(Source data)
· · · ·

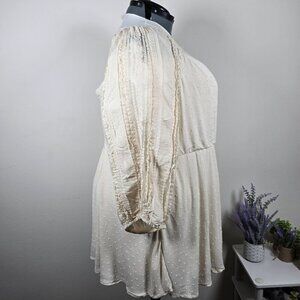 Torrid Ivory Boho Peasant Blouse With Textured Polka Dots & Lace (EUC)
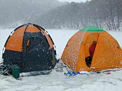 写真はpacoさんのワカサギテントと私のテント。同じ4人用ですが床が4角形と6角形の違いがあります。向こうの方が軽くて持ち運ぶのにいい感じ。
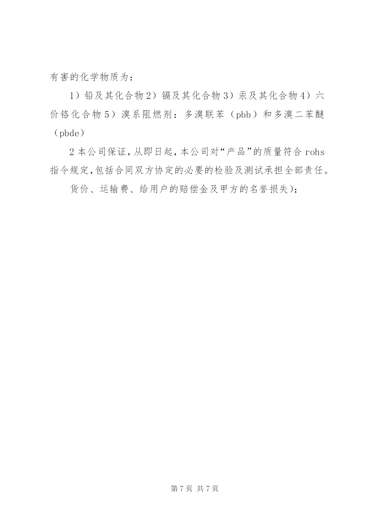 第PAGE\*Arabic\*MERGEFORMAT7页共NUMPAGES\*MERGEFORMAT7页环保设施验收承诺书篇一:“三同时”和竣工环保验收承诺书XX县区宏鑫加油站改造项目环境保护“三同时”和竣工环保验收承诺书一、项目名称:XX县区九股水废品塑料厂建设项目二、环评批复文号西环发〔2013〕3号三、承诺事项:2、及时委托开展建设项目施工期工程环境监理和环境监测工作。3、项目建成后,及时向县环保局提出试生产(运行)和竣工环保验收申请,未经批准,不擅自投入生产(运行)。4、主动配合县环保局对建设项目的环境执法现场监督检查。承诺单位(盖章):XX县区九股水废品塑料厂法定代表人(签字):电话:建设项目负责人(签字):电话:2013年1月7日篇二:环保承诺书承诺书XX县区房屋建筑工程竣工验收备案办公室:由我南京中恒置业有限公司开发建设的水岸明珠3X-1楼工程于年月日已通过工程竣工验收,并已通过环保局对环保的初步验收。因环境监测规范要求,验收监测时要求业主入住,因该项目尚未有业主入住,因此我单位承诺该项目有业主入住时一定到环保部门办理环保正式手续。南京中恒置业有限公司篇三:环境保护承诺书内容环境保护承诺书内容一、主要职能(一)组织拟定全省生态保护和农村土壤污染防治政策、规划,协调并监督相关部门开展生态保护工作;(二)组织编制全省自然保护区建设规划,提出新建和申报的各类省级、国家级自然保护区审批建议;(三)指导、协调、监督各种类型的自然保护区、风景名胜区、森林公园环境保护工作;(四)开展全省生态状况评估;(五)监督对生态环境有影响的自然资源开发利用活动、重要生态环境建设和生态破坏恢复工作;(六)协调和监督野生动植物保护、湿地环境保护、荒漠化防治;(七)牵头负责生物多样性保护、生物物种资源(含生物遗传资源)和生物安全管理工作;(八)组织协调农村环境保护工作,组织指导农村环境综合整治工作,指导生态示范建设与生态农业建设;二、服务内容三、服务对象四、服务承诺(一)强化高效服务、开拓创新、争先创优、勤政廉洁的意识;杜绝办事拖拉、推诿作风;坚决克服行政不作为、慢作为、乱作为的现象。认真执行勤政廉政有关规定,树立良好形象。(二)提高申报国家级自然保护区评审论证时限:自然保护区申报材料初审合格后20日内召开协调会组织论证,并向省政府报告论证意见;(三)提高新建省级自然保护区审批建议时限:召开自然保护区评审委员会后3日内,行文征求省直有关部门意见,收齐省直有关部门意见后5日内向省政府行文提出审批建议;今年,环保部门被列入全国民主评议行风的重点单位,XX县区政府纠风办、县监察局把全县环保系统列为今年的行风评议对象之一。一、xx年民主评议环保行风的主要评议内容:二、《全国环保系统六项禁令》三、《环保系统工作人员职业道德规范》爱自然忠事业甘奉献讲廉洁严执法勇创新重实效求团结四、《环境监察人员“六不准”》1、不准接受被检查者的礼品、礼金和有价证券;2、不准接受被检查者宴请;3、不准参加被检查者邀请的娱乐活动;4、不准参与被检查者的营销活动;5、不准向被检查者通风报信;行风评议是推动部门、行业行风建设的有效措施之一,环保行风建设是环保事业发展的基础。为切实加强环保部门的队伍建设和行风建设,促进我们转变职能、转变作风,改进工作方式方法,树立良好的行业形象,以促进环保工作深入开展,推动全县环保事业的健康发展。在此,XX县区环境保护局局长周斌代表全县环保系统向社会各界郑重承诺:我们热烈欢迎社会各界和广大人民群众对以上公开的评议内容给予监督和评议,对环保队伍和环保工作进行监督和评议;衷心希望各部门、新闻媒体、企事业单位、广大人民群众对我们的工作和作风提出宝贵的意见和建议;也期待着各位评议代表明察暗访,真实检查。我们一定把评议和监督,当作是对环保事业的厚爱和对环保队伍的关怀,对各方面的批评意见,做到有则改之、无则加勉。篇四:安全环保承诺书(项目施工)项目施工安全环保承诺书工程名称:平南2X预留地春泥堆场建设项目排洪系统建安工程工程地址:承包范围:承包方式:工程施工合同编号:工程项目期限:年月日起开工至年月日完工为确保我方承包的甲方项目的顺利实施,特向甲方和各级主管部门作出如下承诺:一、施工期间我方将严格遵守安全生产、环保法律、法规,执行安全生产、环保的规章制度、技术标准,遵守甲方安全、环保管理制度,二、作为责任主体,我方对施工期间及施工内容投入使用后造成的安全事故、不良环境影响及由此产生的所有费用及损失承担全部责任(包括给第三人造成损害导致的赔偿责任),并愿意接受甲方依据安全事故严三、建立健全我方的安全生产、环保责任制度和安全、环保教育培训制度,制定相应的操作规程;我方委派作为本施工项供安全防护用具和安全防护服装,并书面告知安全、环保风险高
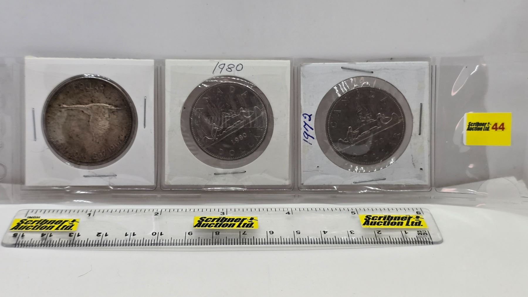 Canada Dollars (3): 1867-1967; 1972; 1980 (SEE PICS!) (Listing & Descriptions are a GUIDE ONLY and are subject to changes, errors, additions or deletions. Please use the provided pictures to satisfy yourself to the Condition and/or Grades. Please Read & Understand All Terms & Conditions for this Auction Sale.)
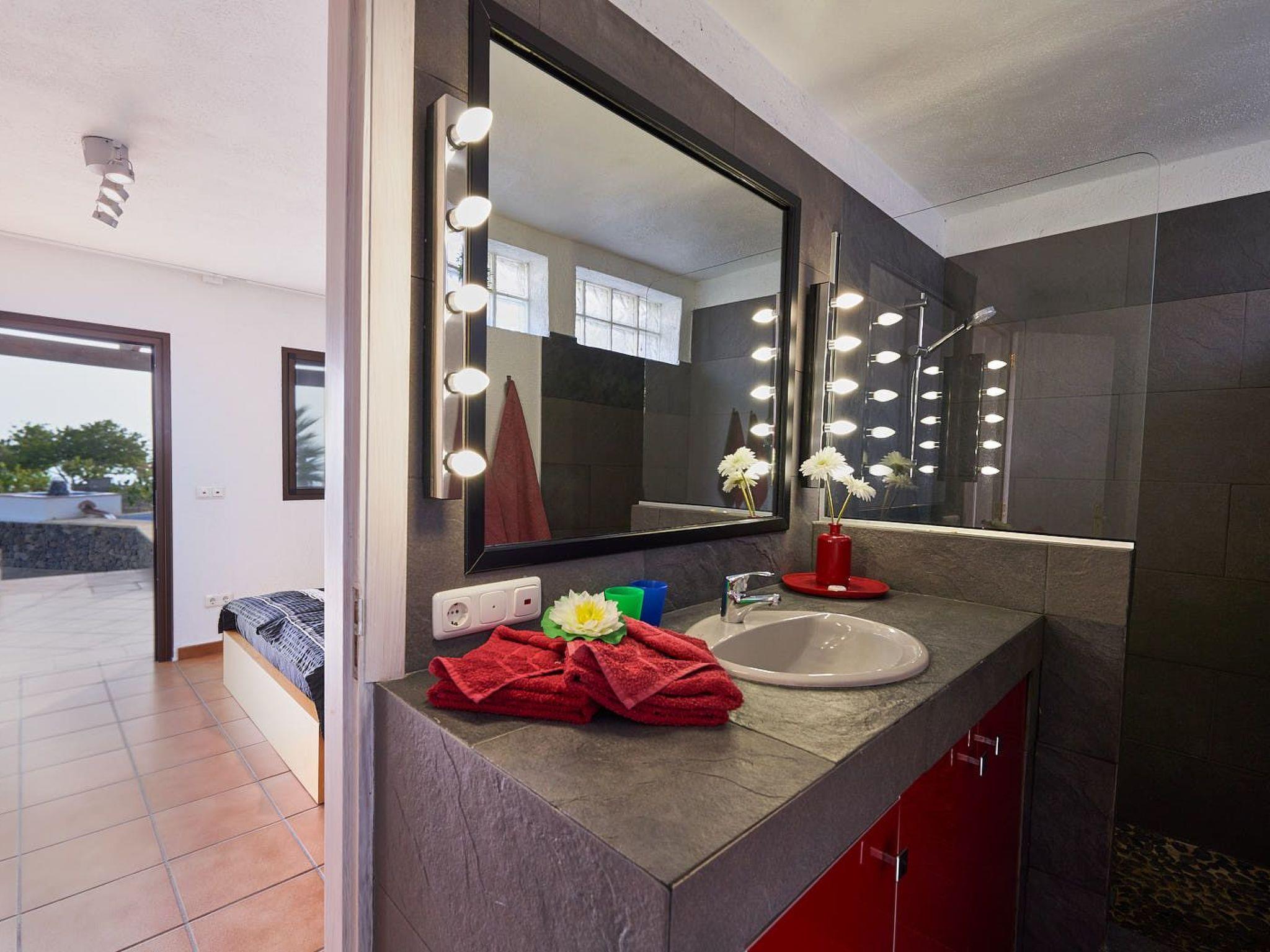 In the detached holiday home Casa Hélena you will find - apart from the magnificent view of the sea and the neighbouring islands of La Gomera and La Palma - a fully equipped kitchen with fridge/freezer, gas hob, microwave, toaster and coffee machine. Right next to the kitchenette is the dining table with a view of the garden and the sea. In the living area, take a seat on the comfortable sofa, read a book, enjoy music with 3.1 sound or watch a great film on the flat screen with the latest LED technology - from German satellite TV or a medium you have brought with you. With the latest Nintendo WII, you can fulfil your gaming and exercise instincts. The bedrooms are bright, decorated with fresh colours and modern furniture; they invite you to feel at home. Each bedroom has its own bathroom with a spacious shower, a washbasin with plenty of storage space and a WC. A gas stove is available for the cold season.
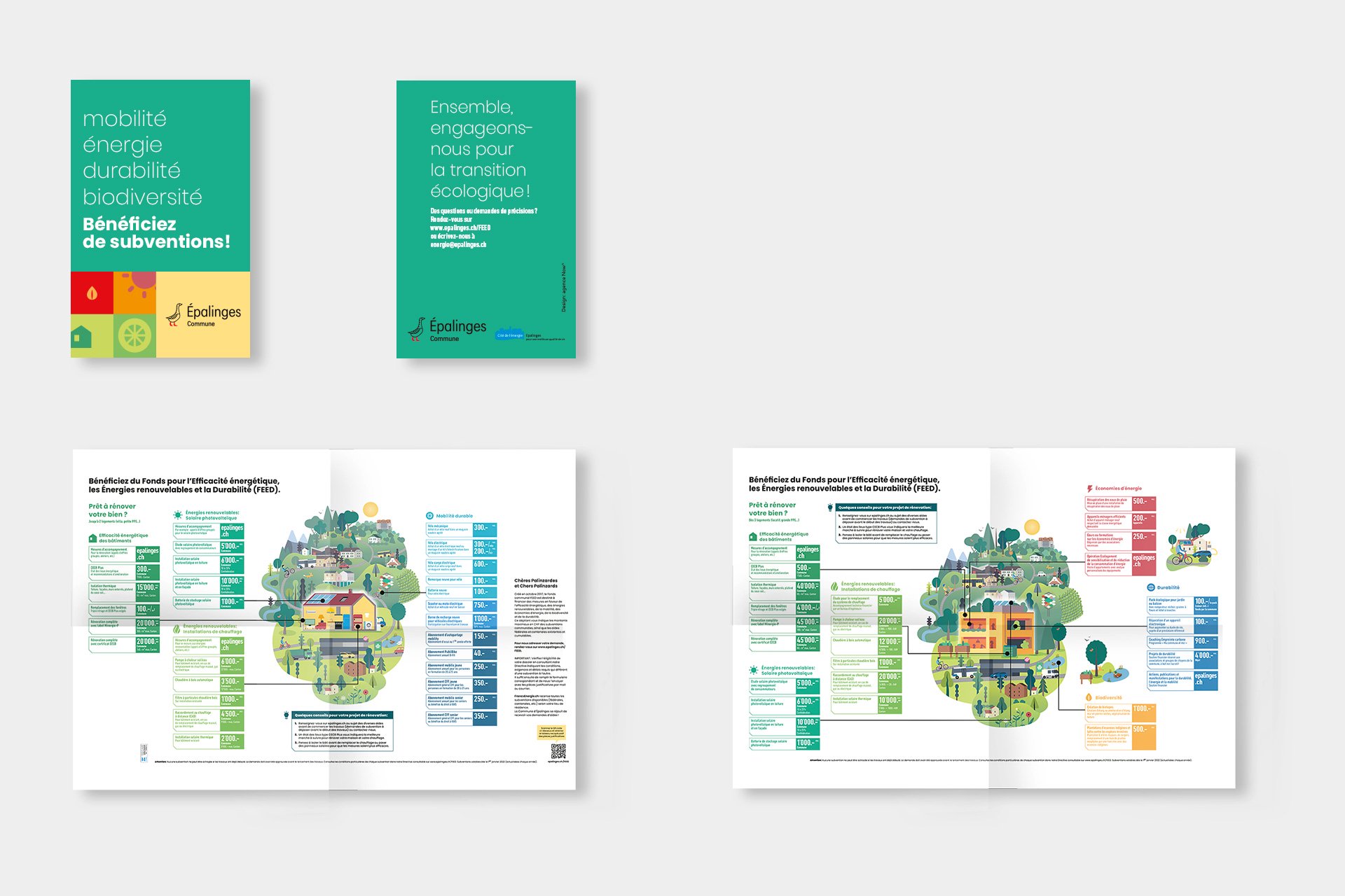 La Commune d’Épalinges souhaitait créer un flyer destiné à ses habitants, pour les guider dans leurs démarches de rénovation ou autres projets allant dans le sens des énergies renouvelables et de la durabilité.
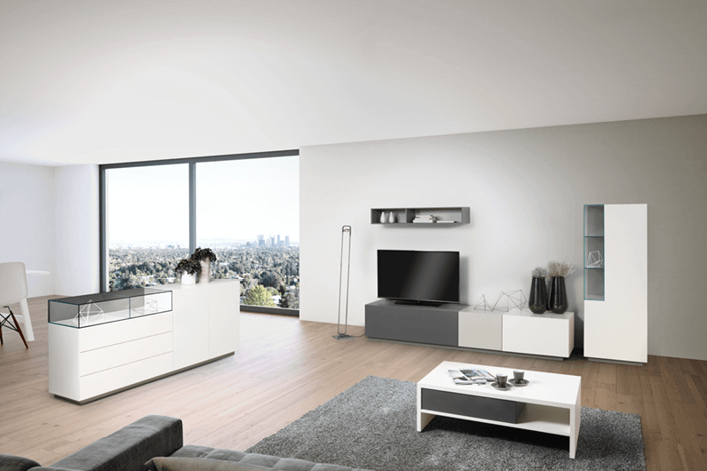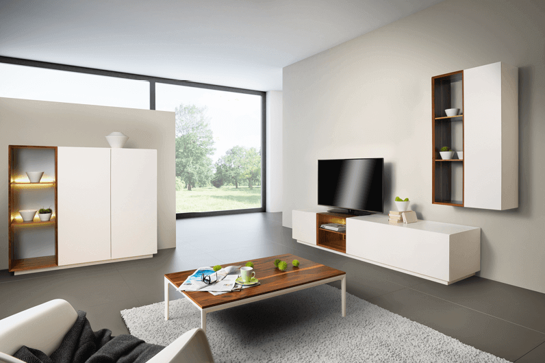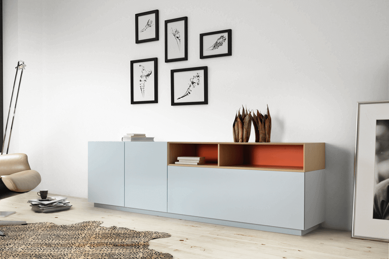 Die Wohnkombination kann nach Lust und Laune zusammengestellt werden. Wählen Sie zwischen verschiedenen Lack- und Glasfarben und Hölzern und stellen Sie ihr passendes Wohnprogramm oder Sideboard zusammen.
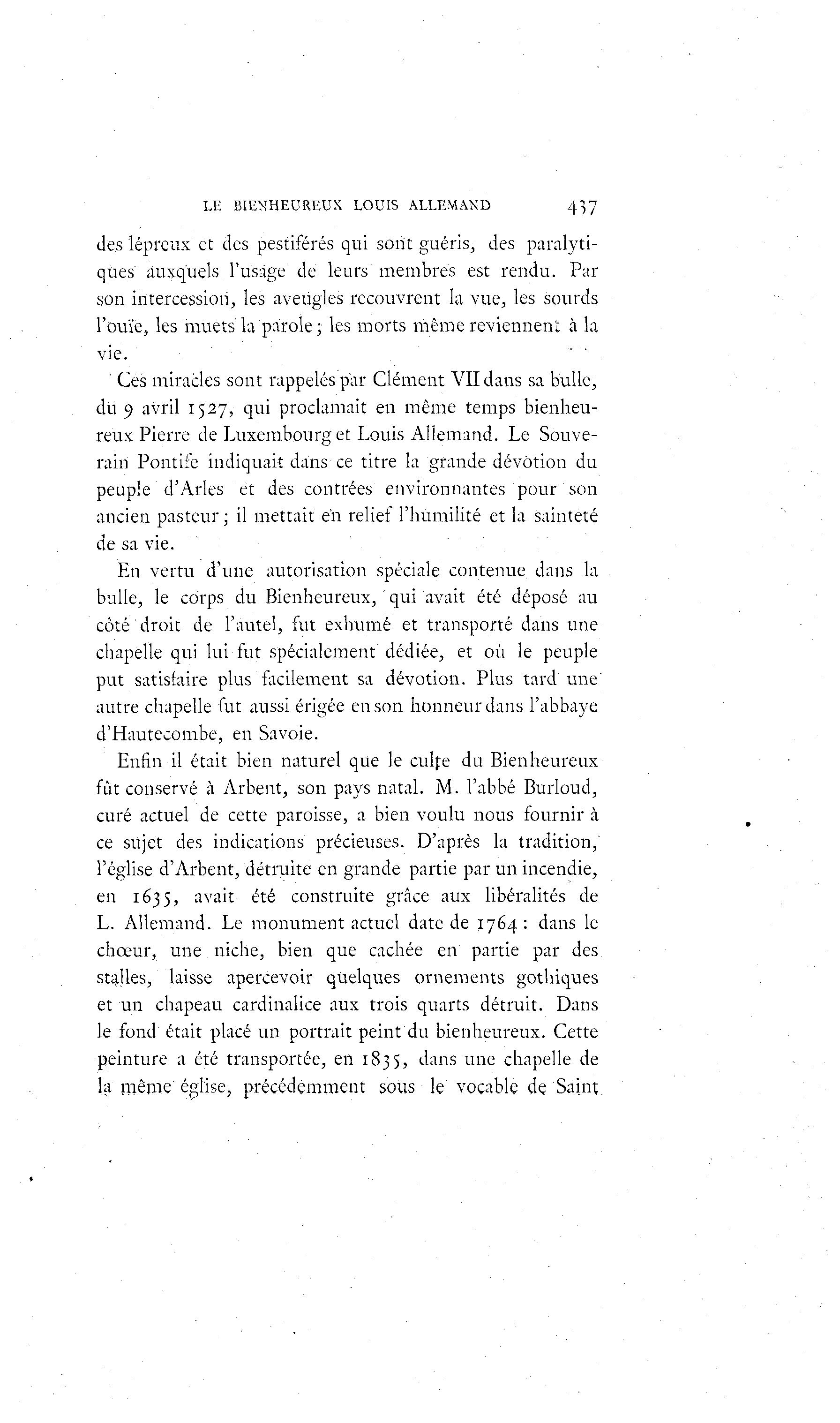 LE BIENHEUREUX LOUIS ALLEMAND 437 des lépreux et des pestiférés qui sont guéris, des paralyti- ques auxquels l'usage de leurs membres est rendu. Par son intercession, les aveugles recouvrent la vue, les sourds l'ouïe, les muets la parole ; les morts même reviennent à la vie. ' Ces miracles sont rappelés par Clément VII dans sa bulle, du 9 avril 1527, qui proclamait en même temps bienheu- reux Pierre de Luxembourg et Louis Allemand. Le Souve- rain Pontife indiquait dans ce titre la grande dévotion du peuple d'Arles et des contrées environnantes pour son ancien pasteur; il mettait en relief l'humilité et la sainteté de sa vie. En vertu d'une autorisation spéciale contenue dans la bulle, le corps du Bienheureux, qui avait été déposé au côté droit de l'autel, fut exhumé et transporté dans une chapelle qui lui fut spécialement dédiée, et où le peuple put satisfaire plus facilement sa dévotion. Plus tard une autre chapelle fut aussi érigée en son honneur dans l'abbaye d'Hautecombe, en Savoie. Enfin il était bien naturel que le culte du Bienheureux fût conservé à Arbent, son pays natal. M. l'abbé Burloud, curé actuel de cette paroisse, a bien voulu nous fournir à ce sujet des indications précieuses. D'après la tradition, l'église d'Arbent, détruite en grande partie par un incendie, en 1635, avait été construite grâce aux libéralités de L. Allemand. Le monument actuel date de 1764 : dans le choeur, une niche, bien que cachée en partie par des stalles, laisse apercevoir quelques ornements gothiques et un chapeau cardinalice aux trois quarts détruit. Dans le fond était placé un portrait peint du bienheureux. Cette peinture a été transportée, en 1835, dans une chapelle de la même' église, précédemment sous le vocable de Saint

· · · ·

#### What the exercise asks
Only the lines from the top of the records through the line with "写真はpacoさんのワカサギ" belong in the copy; write them out exactly, leaving out pictures.

#### Solution for this problem
 Torrid Ivory Boho Peasant Blouse With Textured Polka Dots & Lace (EUC)
 写真はpacoさんのワカサギテントと私のテント。同じ4人用ですが床が4角形と6角形の違いがあります。向こうの方が軽くて持ち運ぶのにいい感じ。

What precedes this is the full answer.